**REQUIRED WORK**.
Leave the pictures out and transcribe every record exactly.

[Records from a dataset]
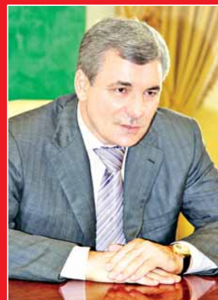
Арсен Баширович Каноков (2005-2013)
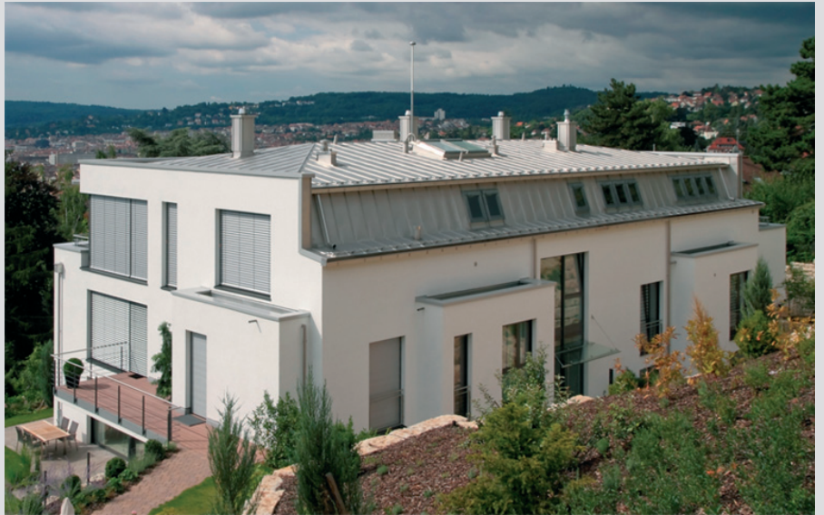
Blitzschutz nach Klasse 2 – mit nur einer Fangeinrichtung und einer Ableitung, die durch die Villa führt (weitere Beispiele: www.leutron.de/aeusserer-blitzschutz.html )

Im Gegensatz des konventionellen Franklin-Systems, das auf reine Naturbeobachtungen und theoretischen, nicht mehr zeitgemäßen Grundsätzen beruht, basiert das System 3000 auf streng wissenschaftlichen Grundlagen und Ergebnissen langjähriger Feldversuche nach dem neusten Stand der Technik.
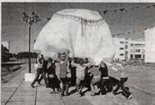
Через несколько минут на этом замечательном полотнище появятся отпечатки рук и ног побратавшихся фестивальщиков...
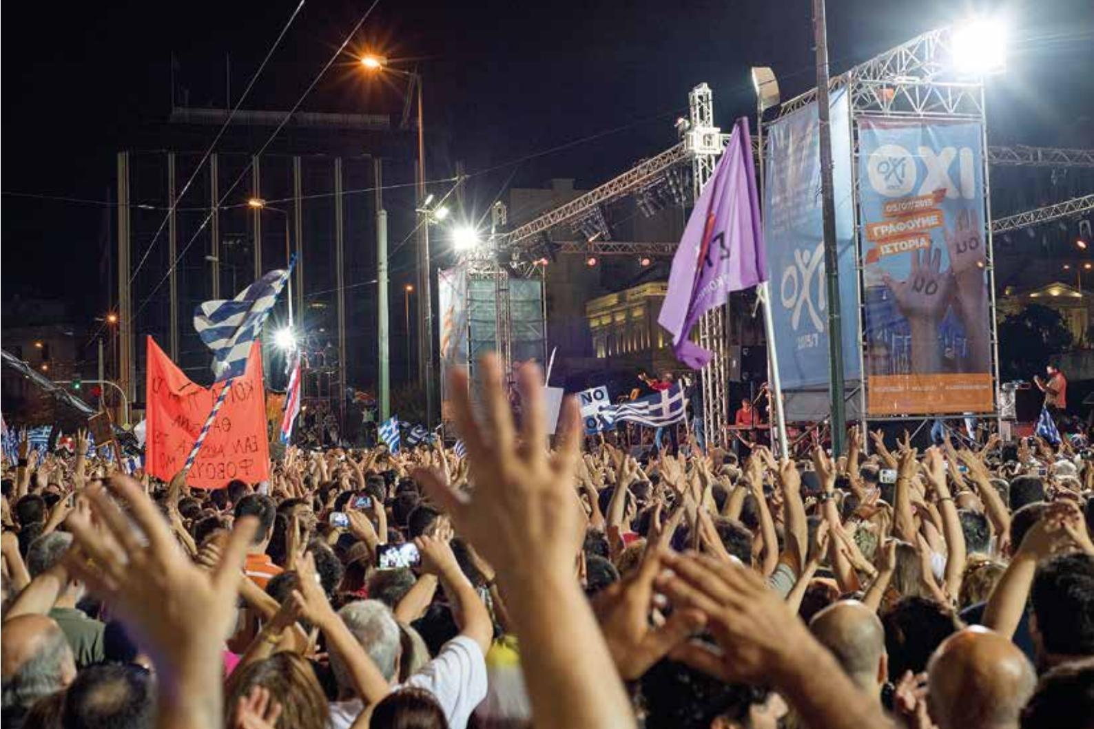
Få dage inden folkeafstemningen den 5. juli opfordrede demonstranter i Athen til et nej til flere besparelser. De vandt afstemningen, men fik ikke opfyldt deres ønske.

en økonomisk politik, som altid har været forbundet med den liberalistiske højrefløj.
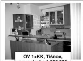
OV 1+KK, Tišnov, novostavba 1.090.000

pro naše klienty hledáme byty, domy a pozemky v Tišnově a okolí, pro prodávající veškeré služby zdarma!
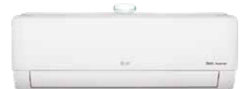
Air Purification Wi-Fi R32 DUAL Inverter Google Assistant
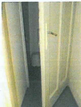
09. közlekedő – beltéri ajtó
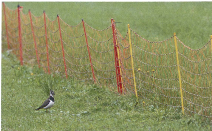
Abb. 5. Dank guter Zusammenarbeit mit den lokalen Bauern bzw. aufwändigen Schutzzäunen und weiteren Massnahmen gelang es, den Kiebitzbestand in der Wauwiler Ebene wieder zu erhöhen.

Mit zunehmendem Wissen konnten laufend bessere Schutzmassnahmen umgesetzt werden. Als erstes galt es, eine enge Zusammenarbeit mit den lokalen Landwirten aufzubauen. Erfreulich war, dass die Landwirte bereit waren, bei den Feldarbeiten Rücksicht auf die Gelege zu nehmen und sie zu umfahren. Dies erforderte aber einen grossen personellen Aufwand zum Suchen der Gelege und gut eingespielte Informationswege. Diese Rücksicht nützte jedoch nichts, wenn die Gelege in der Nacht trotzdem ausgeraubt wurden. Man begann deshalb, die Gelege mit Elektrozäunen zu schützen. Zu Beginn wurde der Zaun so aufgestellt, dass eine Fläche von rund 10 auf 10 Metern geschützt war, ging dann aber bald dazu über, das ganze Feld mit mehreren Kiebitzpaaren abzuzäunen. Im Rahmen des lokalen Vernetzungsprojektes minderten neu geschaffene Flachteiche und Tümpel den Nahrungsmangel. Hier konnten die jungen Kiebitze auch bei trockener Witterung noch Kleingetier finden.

**OUTPUT BELOW**.
Арсен Баширович Каноков (2005-2013)
Blitzschutz nach Klasse 2 – mit nur einer Fangeinrichtung und einer Ableitung, die durch die Villa führt (weitere Beispiele: www.leutron.de/aeusserer-blitzschutz.html )

Im Gegensatz des konventionellen Franklin-Systems, das auf reine Naturbeobachtungen und theoretischen, nicht mehr zeitgemäßen Grundsätzen beruht, basiert das System 3000 auf streng wissenschaftlichen Grundlagen und Ergebnissen langjähriger Feldversuche nach dem neusten Stand der Technik.
Через несколько минут на этом замечательном полотнище появятся отпечатки рук и ног побратавшихся фестивальщиков...
Få dage inden folkeafstemningen den 5. juli opfordrede demonstranter i Athen til et nej til flere besparelser. De vandt afstemningen, men fik ikke opfyldt deres ønske.

en økonomisk politik, som altid har været forbundet med den liberalistiske højrefløj.
OV 1+KK, Tišnov, novostavba 1.090.000

pro naše klienty hledáme byty, domy a pozemky v Tišnově a okolí, pro prodávající veškeré služby zdarma!
Air Purification Wi-Fi R32 DUAL Inverter Google Assistant
09. közlekedő – beltéri ajtó
Abb. 5. Dank guter Zusammenarbeit mit den lokalen Bauern bzw. aufwändigen Schutzzäunen und weiteren Massnahmen gelang es, den Kiebitzbestand in der Wauwiler Ebene wieder zu erhöhen.

Mit zunehmendem Wissen konnten laufend bessere Schutzmassnahmen umgesetzt werden. Als erstes galt es, eine enge Zusammenarbeit mit den lokalen Landwirten aufzubauen. Erfreulich war, dass die Landwirte bereit waren, bei den Feldarbeiten Rücksicht auf die Gelege zu nehmen und sie zu umfahren. Dies erforderte aber einen grossen personellen Aufwand zum Suchen der Gelege und gut eingespielte Informationswege. Diese Rücksicht nützte jedoch nichts, wenn die Gelege in der Nacht trotzdem ausgeraubt wurden. Man begann deshalb, die Gelege mit Elektrozäunen zu schützen. Zu Beginn wurde der Zaun so aufgestellt, dass eine Fläche von rund 10 auf 10 Metern geschützt war, ging dann aber bald dazu über, das ganze Feld mit mehreren Kiebitzpaaren abzuzäunen. Im Rahmen des lokalen Vernetzungsprojektes minderten neu geschaffene Flachteiche und Tümpel den Nahrungsmangel. Hier konnten die jungen Kiebitze auch bei trockener Witterung noch Kleingetier finden.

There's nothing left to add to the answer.